Radiomics and artificial intelligence perspectives
In nuclear medicine, the current classical therapies largely neglect the characterization of cellular and molecular mechanisms, which are associated with each patient's pathology and treatment follow-up.


The radiomics, an emerging and promising field powered by artificial intelligence (AI) technologies like “big data analysis” and “machine learning” have the potential to answer these questions. Advanced uses of such data are changing the landscape of therapy and show a new potential in the identification of prognosis and predictive parameters, which can help in the future to improve, avoid useless treatments, and better personalize cancer therapies.

For example, by taking into account the clinical diagnosis and follow-up information of patients, and based on the principle of Radiomics — development of statistical models characterizing tumors at the molecular level, extracted automatically from multimodal patient medical images — a real decision-making support system can be created, based on the predictive profile of disease control and the patient-specific toxicity risk.

By combing with additional information extracted from patient records (like genomics, specific biomarkers, etc.), the system can guide the physicians and help them to better choose or adapt treatment, or target the patient receiving a specific treatment.

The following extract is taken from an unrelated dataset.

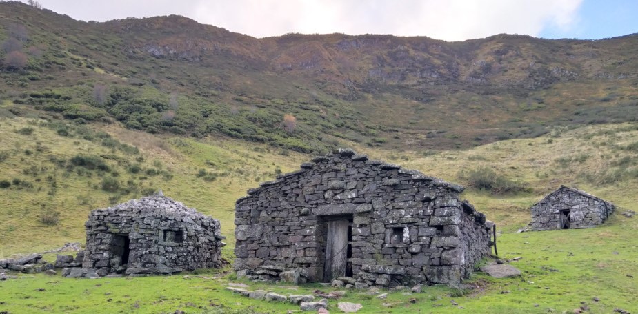 Los brañeiros subían todas las tardes para ordeñar y bajaban la leche al día siguiente, la noche la pasaban en la cabana, compartiendo el espacio con las vacas. Son construcciones primitivas, acaso prehistóricas, que usan los elementos más cercanos (piedra, madera y escoba) para colocarlos con la maestría de los mejores artesanos.
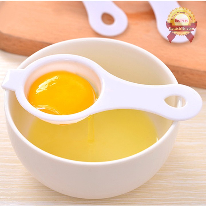 - Dụng cụ tách lòng đỏ trứng được thiết kế như một cái lưới vợt bằng nhựa. Bạn chỉ cần đập trứng vào dụng cụ tách lòng đỏ trứng này và lắc nhẹ, lòng trắng sẽ chảy xuống dưới và còn lại lòng đỏ nguyên vẹn ở trên cái vợt. Dụng cụ tách lòng đỏ trứng này đặc biệt hữu hiệu khi bạn dùng để làm bánh, chế biến một số món ăn cầu kỳ, hấp dẫn hoặc để đắp mặt nạ.

Moreover, the “machine learning” technologies have the capacity to enhance existing products, either by automating various tasks or by improving, simplifying and accelerating complex algorithms. In the context of molecular radiotherapy, the latest generation of segmentation algorithms based on deep learning could help analyzing dosimetric effects for more organs with more precision, reproducibility, and with limited workloads.

The machine learning technologies all work with the assumption of a learning curve, incremental or not, based on the analysis of as large as possible data sets. The models extracted by these algorithms can then be applied to new patient cases. The consequence of this is that historical information contained in previous patient cases and patient databases is of significant value for such technologies and future systems. This has been quickly understood by all actors having “data”. The value is in the data indeed. It is, however, of utmost importance that large data sets are being shared and put in common, instead of being kept in small silos.

Sebastien Vauclin
Conclusion
Software technologies are not curing cancer patients by themselves. But software technologies are bound to play an increasing and tremendous role, for the benefit of patients first, cancer centers, and the whole biotechnology industry. Impacts and benefits will be throughout the full cycle, from diagnosis to patient post-treatment follow-up. Without being exhaustive, software technologies will help: to better characterize patients responding to a given therapy, to improve safety and minimize side effects or impacts on healthy organs, to optimize and personalize therapies for a given patient, to control “in vivo” during treatments, and to quantify patient post-treatment response. Software technologies are the keys to move away from the one-size-fits-all standard protocols toward a truly personalized medicine of the future. Nuclear medicine and the expanding molecular radiotherapy domain will first inherit from the tremendous advances performed during the last 20 years in external beam radiation therapy, and then accelerate to include AI-powered theranostic features.